The underlying concept of verified digital ownership on a blockchain is genuinely useful. But "useful" is doing a lot of work here. For most of the projects that launched in 2021 and 2022, there was no utility to underpin the price. The technology was real; the value proposition was borrowed from hype.

For anyone considering crypto exposure today, it's worth understanding how crypto regulation in 2025 is changing the game for investors, particularly around tokenised assets and what qualifies as a security. Regulatory clarity — or the lack of it — will determine which of these newer asset classes can scale.

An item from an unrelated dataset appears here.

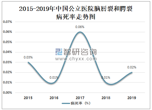 2019年中国公立医院脑唇裂和腭裂病死率为0.02%,较2018年增长了0.01%。

A reasonable way to think about RWAs specifically: they're closer to traditional financial instruments than to speculative tokens. Tokenised treasuries yield roughly what you'd get from the underlying bonds, just with faster settlement and broader access. The token itself isn't the return generator — the underlying asset is. That's either more boring or more sensible than a speculative NFT, depending on your goals.

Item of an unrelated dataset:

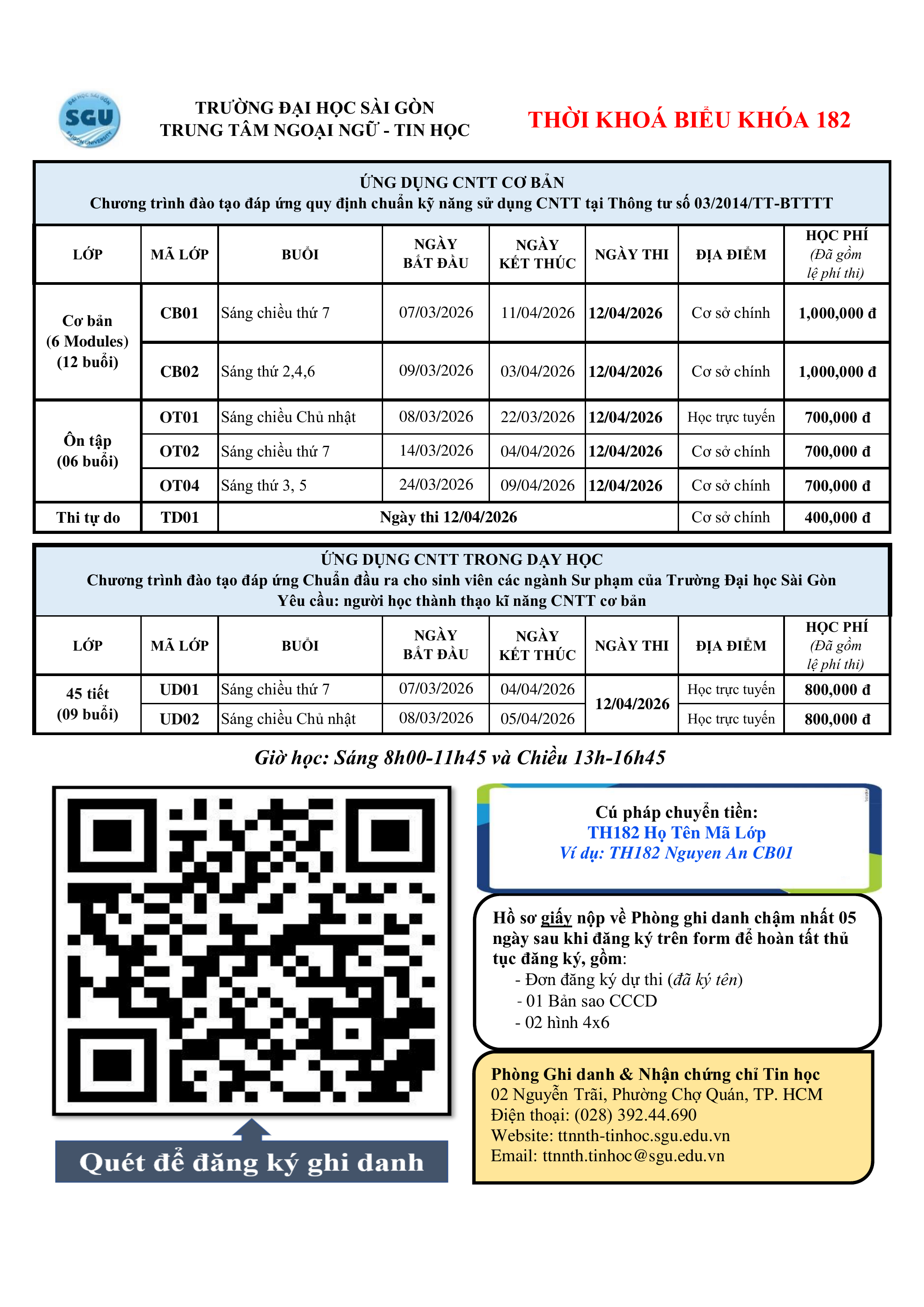 Trung tâm Ngoại ngữ – Tin học nhận đăng ký khóa 182, ngày thi 12/04/2026.

The technology didn't fail — the use case changed

One of the more instructive things about this story is how quickly a16z — one of the most prominent venture firms backing crypto — pivoted its framing. By 2024, their State of Crypto report noted a trend away from high-volume secondary trading and toward "low-cost social collecting experiences." Even within the NFT space, the biggest firms recognised that the economics needed to change.

That shift — from speculation to function — is the throughline of what happened. NFTs as expensive collectibles with no utility failed to sustain demand. NFTs as cheap access mechanisms, digital identity tools, gaming item ownership, and event tickets are still being built and, in some cases, working. The a16z framing — lower cost, more utility — describes exactly where the surviving NFT ecosystem has gone.

This is how most financial technologies mature. High-frequency day traders dominated early stock markets; that didn't mean stocks were fundamentally useless. The internet's late-1990s valuation bubble didn't mean e-commerce was a failed idea. The question was always which underlying applications would survive once the easy money left.

What this means for you

If you're a crypto investor trying to make sense of where the asset class is heading, the NFT crash is probably better understood as a stress test than a verdict. The stress test showed that pure speculation with no utility doesn't hold value — which is not a surprising finding, but it needed proving at scale.

What survived and what grew during and after the crash suggests where the durable applications might be: RWAs for institutional-grade exposure to yield-generating assets on-chain; memecoins for people who understand they're participating in something closer to a game than an investment; and utility NFTs for communities, gaming, and digital identity in specific contexts.

None of these are replacements for a diversified portfolio. If you're thinking about what level of crypto exposure actually makes sense for your finances, the question isn't which NFT to buy — it's how much of your portfolio should be in crypto at all. That's the more honest starting point.

The art market had its moment. It turns out the blockchain needed something more concrete to hold its weight.